En 2015, la production halieutique nationale a dépassé 1,35 millions de tonnes pour une valeur de 10,8 milliards de dirhams, ce qui place le Maroc au 17e rang des pays producteurs et premier sur le continent africain. Le hic est que la consommation de poissons par les Marocains reste limitée à des niveaux inférieurs à la moyenne mondiale (13,3 kg / habitant contre 19,3 kg / habitant à l’échelle mondiale en 2012). Pour changer la donne, l’objectif du Plan Halieutis, c’est de porter cette moyenne à 16 kg à l’horizon 2020. La consommation des viandes est loin devant avec 29,6 kg. La faible consommation de poissons, par les Marocains, pourrait être liée aux habitudes alimentaires où la population préfère les viandes rouges et blanches, au poisson.

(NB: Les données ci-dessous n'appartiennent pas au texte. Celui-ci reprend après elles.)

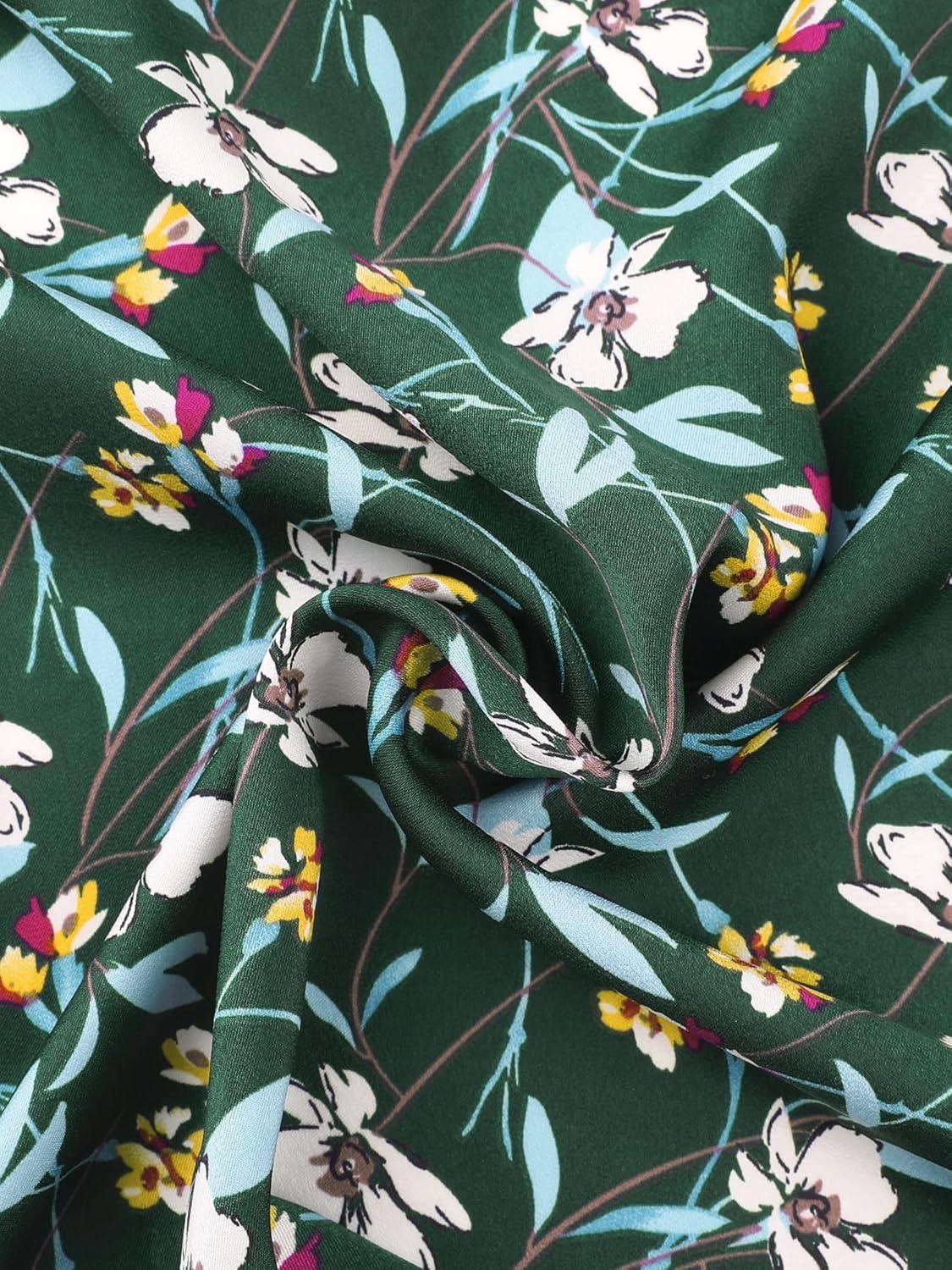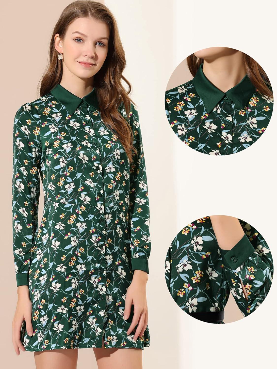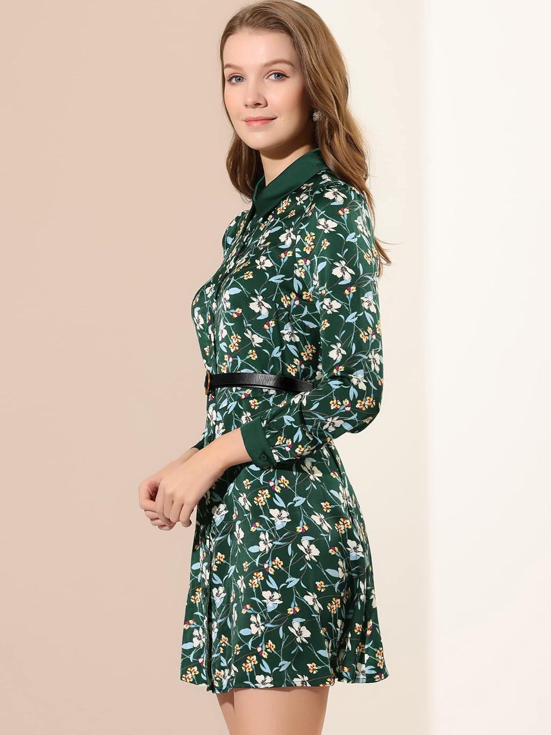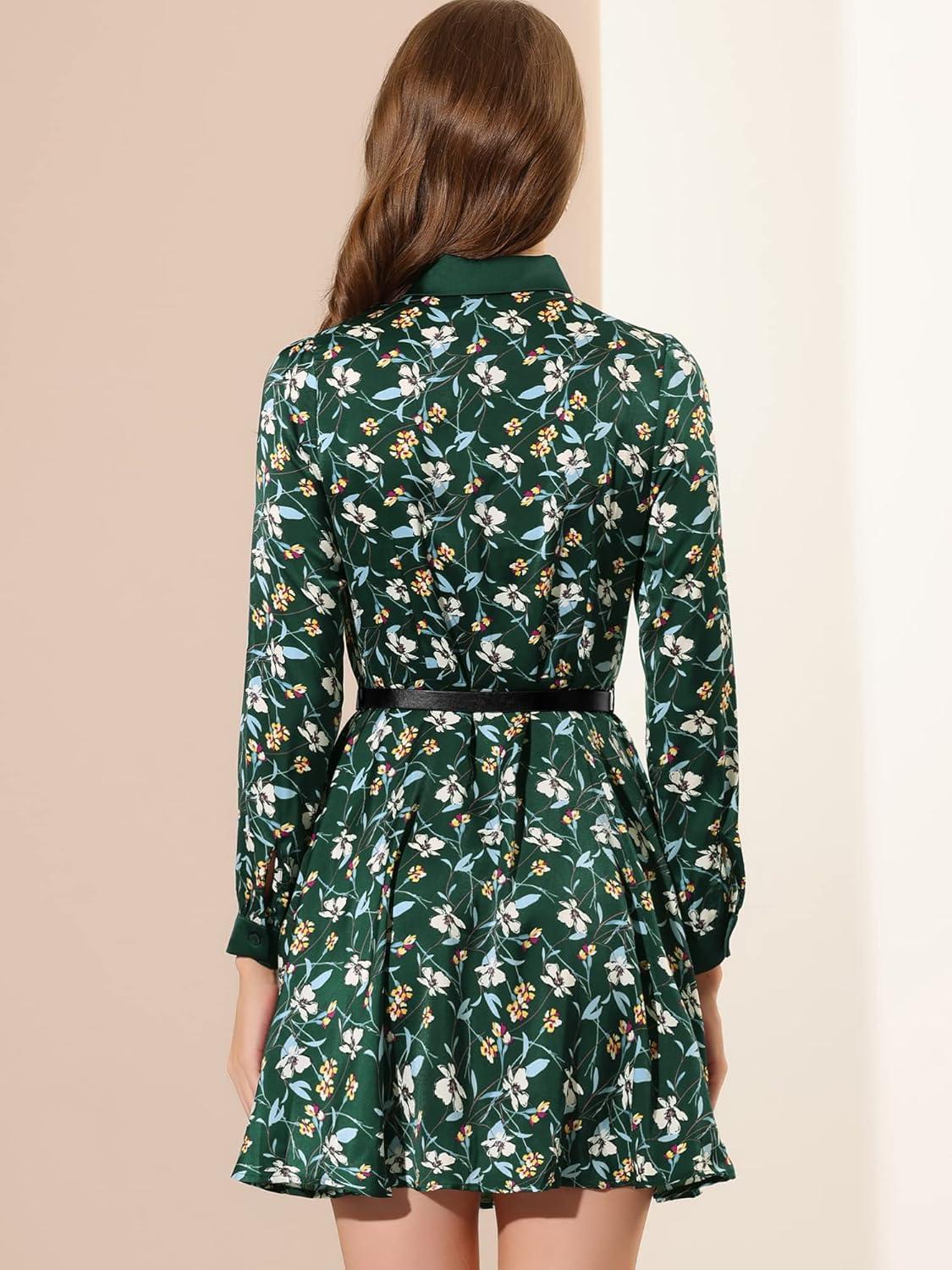 Allegra K Floral Satin Dresses for Women’s Spring Fall Long Sleeve Belted Button Down Dress(Dark Green)

Les résultats de l’Enquête nationale sur la consommation et les dépenses des ménages durant 2013-2014, ont montré que les dépenses en viandes et volailles occupent 23,5% des dépenses alimentaires contre seulement 3,8% pour les poissons. La question des prix restent toutefois posée dans un contexte marqué par la volonté des producteurs de maximiser leurs gains et les prix des intrants, principalement le pétrole qui représente 49% des consommations intermédiaires. S’ajoute à cela le fait que la moitié de la production nationale est exportée. Il faut ajouter à cet élément l’offre du marché national qualifiée d’irrégulière et d’insuffisante en termes de qualité et de quantité.
De même, les prix sont souvent plus élevés que le pouvoir d’achat du consommateur moyen, surtout en ce qui concerne le poisson blanc, lit-on dans l’étude. Ces prix, relativement élevés, de la majorité des espèces peuvent être le résultat du grand nombre d’intermédiaires et du différentiel du pouvoir d’achat des consommateurs étrangers et locaux mais il y a un autre paramètre important qui a trait à la surexploitation des stocks de sardines de la zone méditerranéenne et du maquereau de la zone centre. Une pleine exploitation pour les stocks de sardines de la zone nord et de l’anchois de la zone centre, mais a contrario, un état de non pleine exploitation des stocks de sardines et de maquereaux de la zone sud. Ce qui montre un déséquilibre spatial en termes d’exploitation. Quant au poulpe que l’on évoque souvent pour tirer la sonnette d’alarme sur son essoufflement, la situation semble-t-il, est soutenable avec même une amélioration du stock. Il n’en reste pas moins que son équilibre reste fragile, apprend-on.